Выбрать главу

— А вы его знаете?

В этот момент у Шилля зазвонил мобильный.

— Интересно, что понимал под честью Гитлер? — проговорил он, с подозрением глядя на телефон.

7

Груда трухи

Одной из самых больших антипатий, которые Адольф Гитлер культивирует на протяжении всей своей жизни, является антипатия к телефону. В этом вопросе фюрер совершенно не властен над собой, ведь он никогда не знает наверняка, действительно ли человек, с которым он разговаривает, является тем, кем представился. Мало того что никогда не понять, что творится на другом конце линии, так еще к беседе то и дело подключаются люди, для чьих ушей она категорически не предназначена. В общем, у него складывается ощущение, что каждый раз происходит что-то новое, что-то неприемлемое, что-то непредсказуемое, а этого он терпеть не может.

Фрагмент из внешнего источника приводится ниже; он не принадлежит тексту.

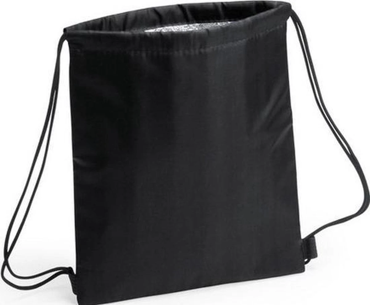 Zwarte koeltas rugzak 27 x 33 cm. Koeltas in de vorm van een gymtas rugtas. De tas heeft een isolerende (isothermische) laag aan de binnenzijde, versterkte hoeken en is voorzien van zelfsluitende drawstring rijgkoorden. Voldoende ruimte voor het opbergen van uw lunch en flesjes/blikjes drinken. Formaat: 27 x 33 cm. Materiaal: zacht polyester, aluminium. Koeltassen rugtassen/rugzakken gymtasjes. Ideaal voor onderweg/op reis, in het park, op het strand of tijdens een schoolreisje.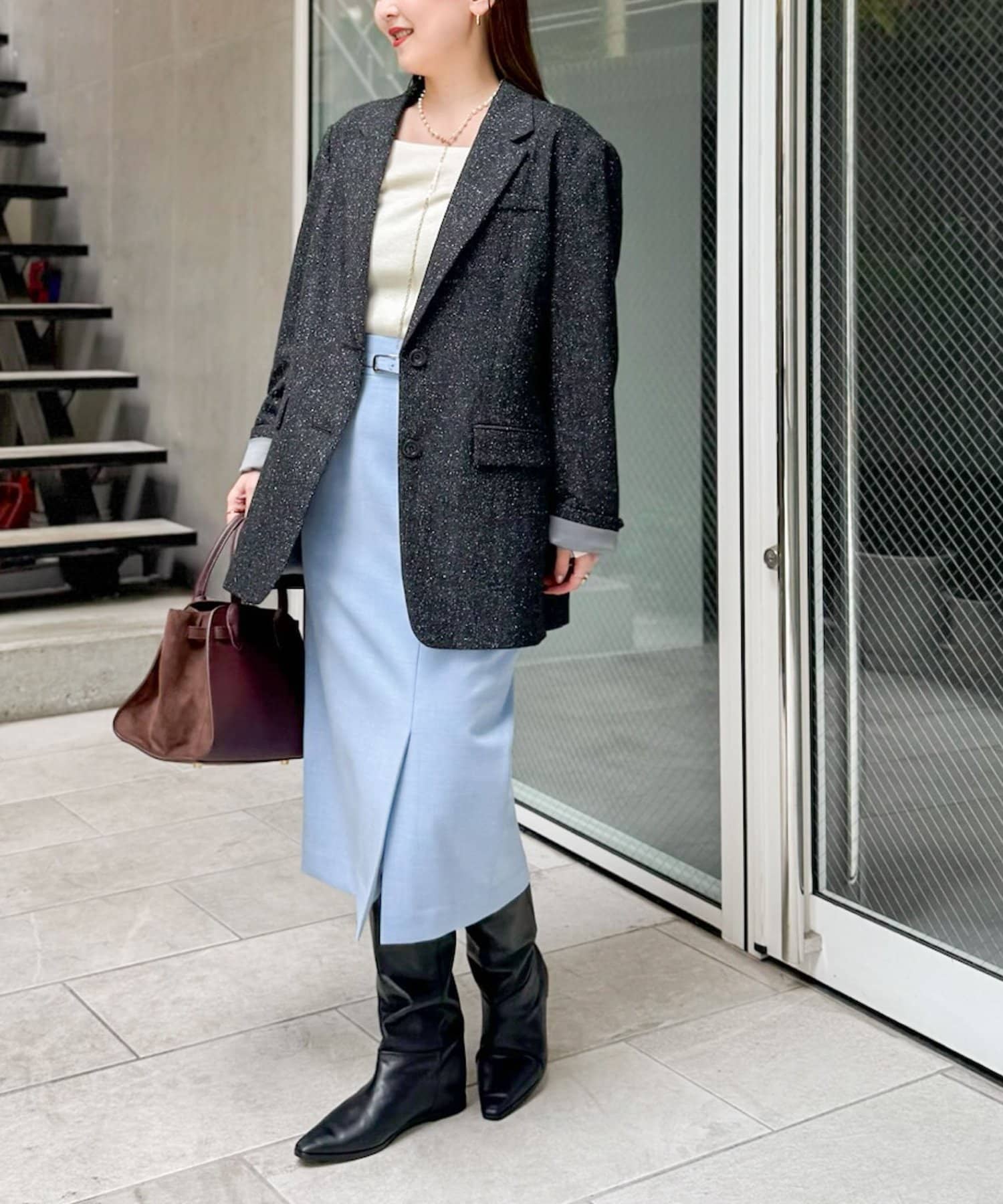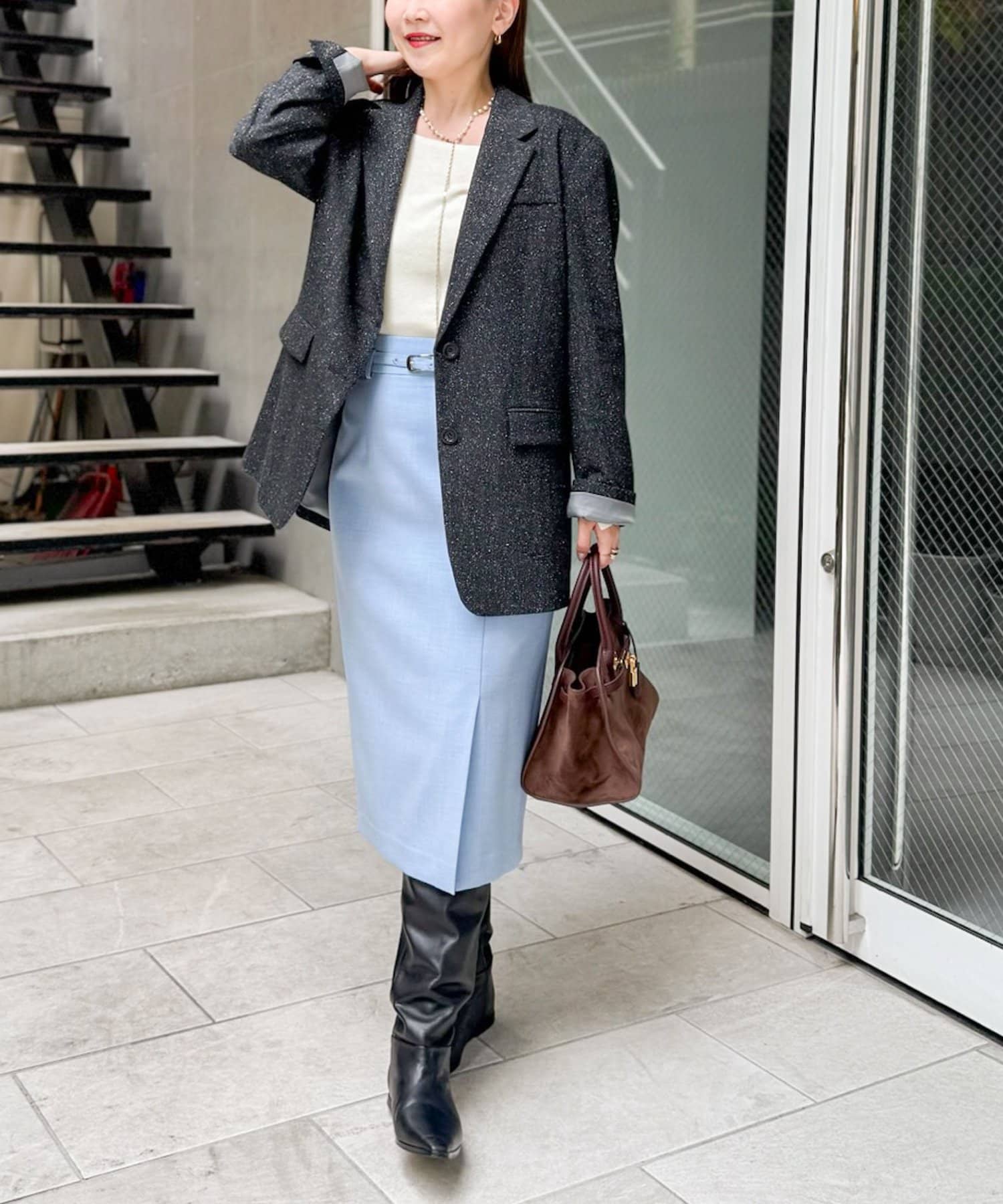 ・膨らみがあり滑らかなタッチのダブルクロス素材を使用したタイトスカート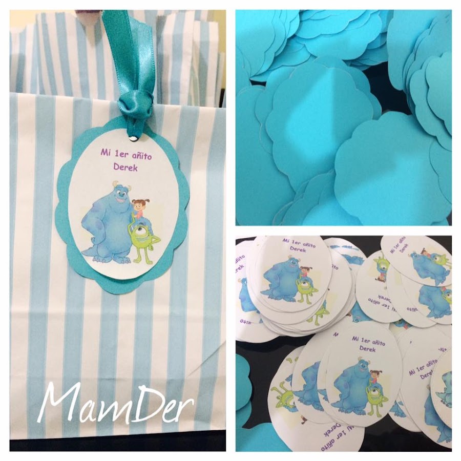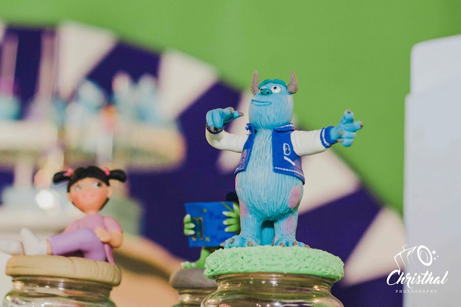 Bueno para Derek me fue súper sencillo antes de nacer le compramos un Sullivan de Monster INC y fue su primer peluche cuando nació, siempre vimos apego por él, bueno hasta que lo perdimos #LoSientoFueSinQuerer, de modo que decidimos la temática de Monsters INC. que a mi me encanta, pero en el mercado de temáticas en Trujillo lo único que puedes encontrar es bolsas de sorpresas y las velas; por lo demás nada de nada, fue todo un reto pero lo hicimos!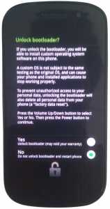 5、手機會出現如左圖所示的解鎖提示界面,按音量鍵選擇YES, 再按電源鍵確定。bootloader已經解鎖,你會看到如右圖所示的解鎖後的bootloader界面,保持在解鎖後的bootloader界面。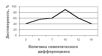 Рис. 2.2. Зависимость степени достоверности ответа от величины семантического дифференциала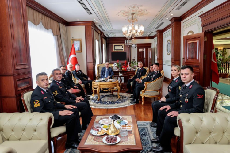 Valilik makamında gerçekleşen ziyarette İl Jandarma Komutanı ve beraberindeki heyet, Vali Ayyıldız'a çiçek takdiminde bulundu.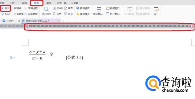 点击标题栏“视图”按钮,并在下方工具栏中勾选“标尺”,则在文档页面的左侧和上部出现标尺,我们看到文档宽度大概是40不到,所以我们设定居中是20,靠右是39.5。
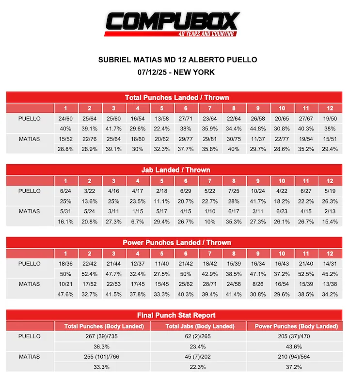 Aunque Puello mostró un boxeo técnico, movilidad y recursos durante los 12 asaltos, Matías impuso un ritmo incansable y aumentó su volumen de golpeo conforme avanzaba el combate.

Источники называют Гитлера излюбленной мишенью телефонных розыгрышей, хотя, конечно, следует учитывать, что такой холерик и параноик даже треск или шипение в трубке может расценить как унижение и объявление войны, которое вынужден беспомощно принять. Иногда на линии фюрера звучат разговоры незнакомых людей, и они отказываются повесить трубку, несмотря на его угрозы. Иногда его спрашивают, кто на проводе, и когда он представляется, голос в трубке весело отвечает: «Кто-кто? Ты что, совсем с ума сошел?!» Бывает, у него осведомляются, который сейчас час. А однажды, беседуя с Евой Браун, Гитлер вдруг слышит: «Нарушение правил, личные разговоры здесь запрещены», и связь обрывается, прежде чем он успевает произнести хоть слово. Особенно фюреру ненавистны случаи, когда звонки приходится переводить в другую комнату, например из его кабинета в рейхсканцелярии в музыкальный салон, который лучше экранирован, но в то же время имеет технические недочеты, которые бесстыдно лишают Гитлера связи с мировыми событиями на том конце линии.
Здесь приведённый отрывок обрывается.